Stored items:
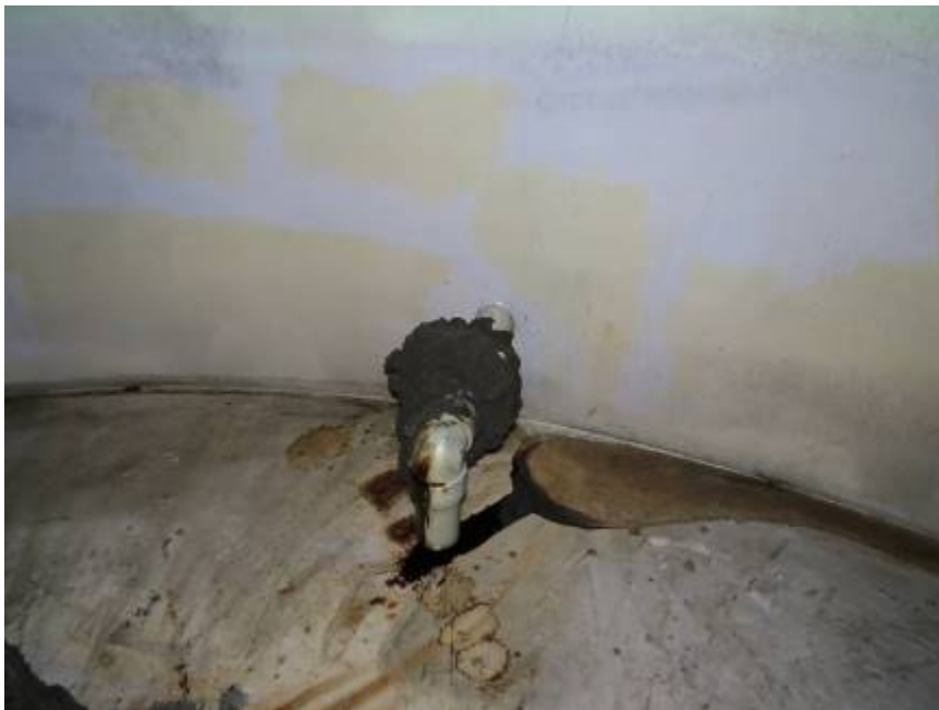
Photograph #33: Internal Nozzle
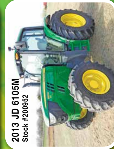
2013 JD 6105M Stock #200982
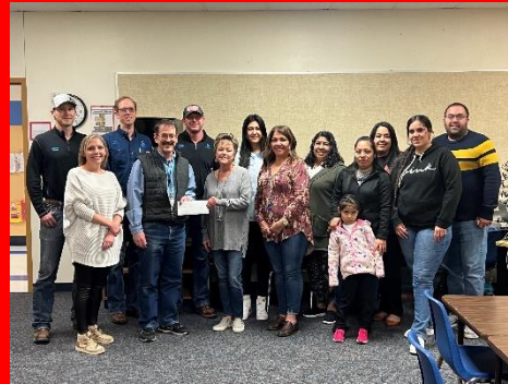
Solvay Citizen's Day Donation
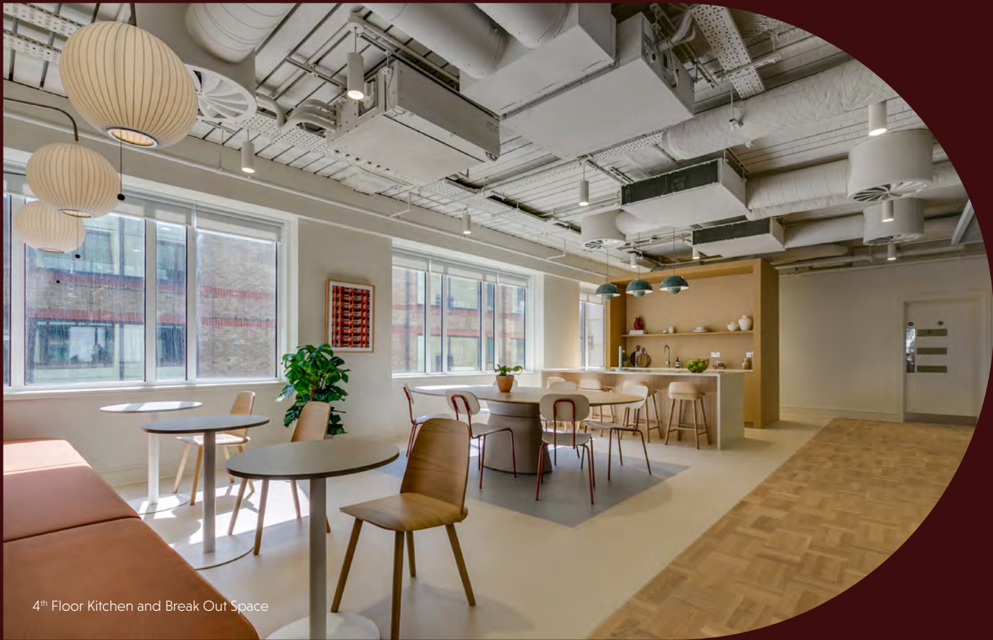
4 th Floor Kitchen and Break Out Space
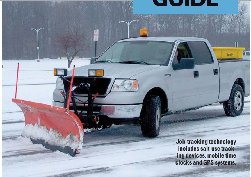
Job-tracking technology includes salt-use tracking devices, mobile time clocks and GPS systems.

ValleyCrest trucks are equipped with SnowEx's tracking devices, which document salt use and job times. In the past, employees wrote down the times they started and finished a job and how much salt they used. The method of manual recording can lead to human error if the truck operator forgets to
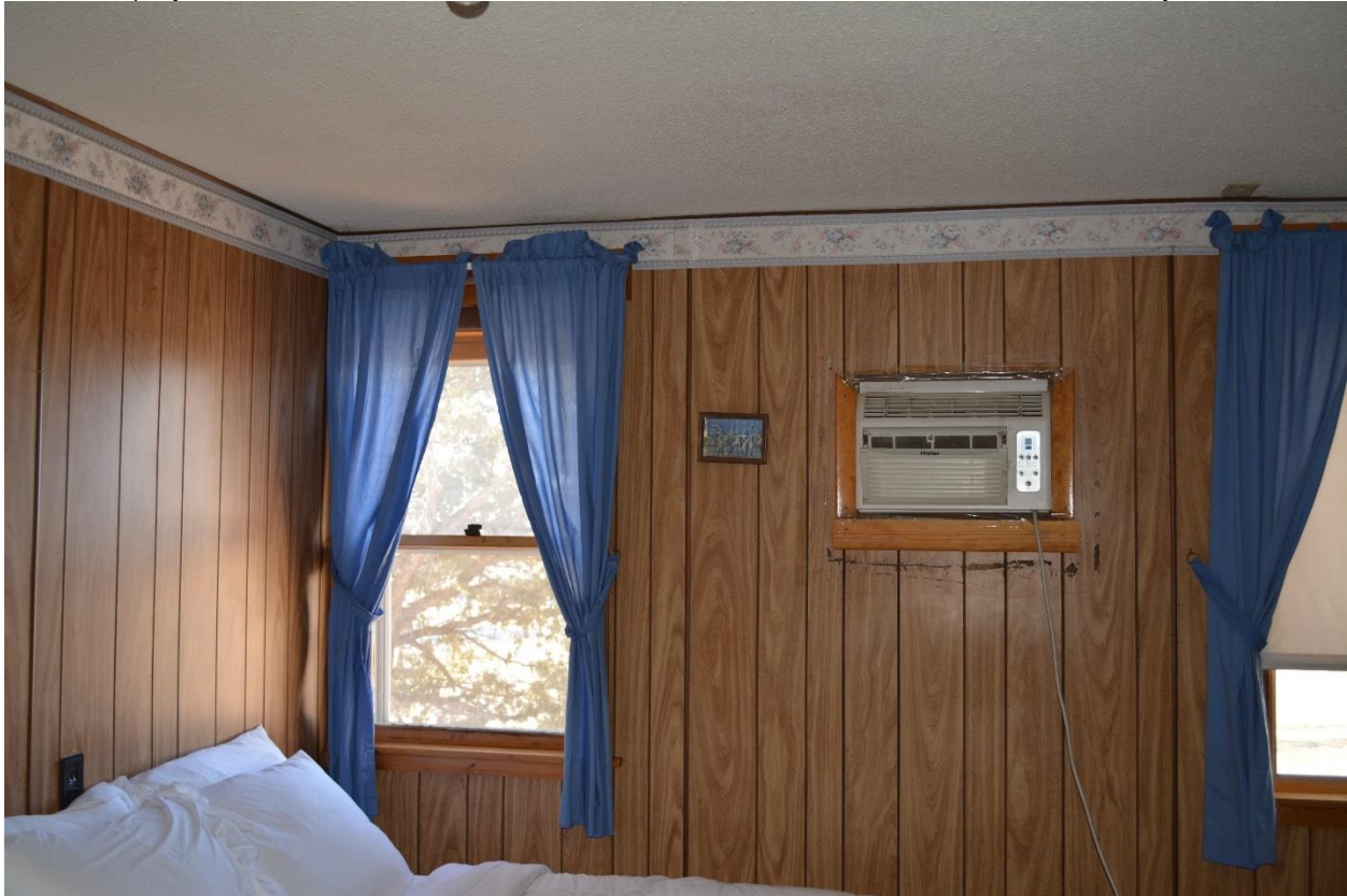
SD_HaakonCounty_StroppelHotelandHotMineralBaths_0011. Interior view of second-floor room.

__INSTRUCTIONS TO FOLLOW__: Start at the line holding "Solvay Citizen's Day Donation" and stop at the last line of the entries above. Repeat those lines exactly, pictures excluded.

__SOLUTION TO THIS EXERCISE__:
Solvay Citizen's Day Donation
4 th Floor Kitchen and Break Out Space
Job-tracking technology includes salt-use tracking devices, mobile time clocks and GPS systems.

ValleyCrest trucks are equipped with SnowEx's tracking devices, which document salt use and job times. In the past, employees wrote down the times they started and finished a job and how much salt they used. The method of manual recording can lead to human error if the truck operator forgets to
SD_HaakonCounty_StroppelHotelandHotMineralBaths_0011. Interior view of second-floor room.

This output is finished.